### TASK OBJECTIVE:
In the records below, find the line with "ボタンデザインがアクセントになり、シンプルながらも表情のあるスタイリングに。" and the line with "1/26_ISO1600_4分x7枚彗星核コンポ加算 1/30_ISO2000_4分x7枚彗星核コンポ加算 箱根". Print both exactly, along with every line between them, and no other line.

### RECORDS TO USE:
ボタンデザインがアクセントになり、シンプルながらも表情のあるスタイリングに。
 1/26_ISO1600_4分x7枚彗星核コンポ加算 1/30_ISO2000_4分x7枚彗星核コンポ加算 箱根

---

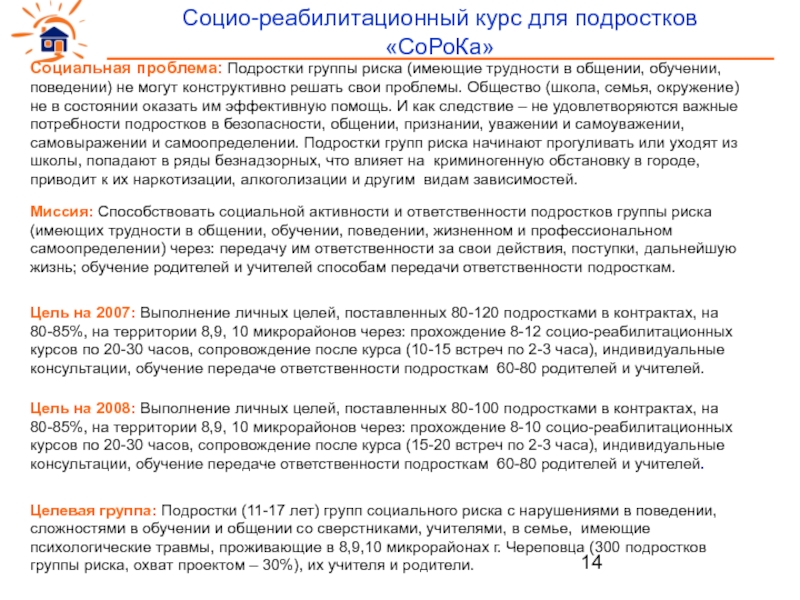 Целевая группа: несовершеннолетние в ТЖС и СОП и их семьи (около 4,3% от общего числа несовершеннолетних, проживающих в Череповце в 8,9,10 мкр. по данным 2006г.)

==

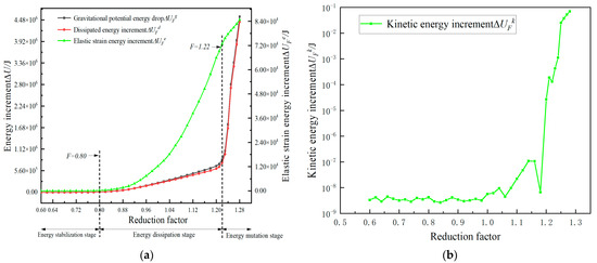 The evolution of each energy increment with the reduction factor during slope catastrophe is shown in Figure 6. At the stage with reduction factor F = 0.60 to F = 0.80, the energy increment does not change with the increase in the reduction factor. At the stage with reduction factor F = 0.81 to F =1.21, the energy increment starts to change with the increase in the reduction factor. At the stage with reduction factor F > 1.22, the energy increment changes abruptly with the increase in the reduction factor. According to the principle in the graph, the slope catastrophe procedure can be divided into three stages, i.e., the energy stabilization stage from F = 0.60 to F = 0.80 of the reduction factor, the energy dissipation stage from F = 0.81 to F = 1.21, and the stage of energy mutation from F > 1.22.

### ANSWER SECTION:
ボタンデザインがアクセントになり、シンプルながらも表情のあるスタイリングに。
 1/26_ISO1600_4分x7枚彗星核コンポ加算 1/30_ISO2000_4分x7枚彗星核コンポ加算 箱根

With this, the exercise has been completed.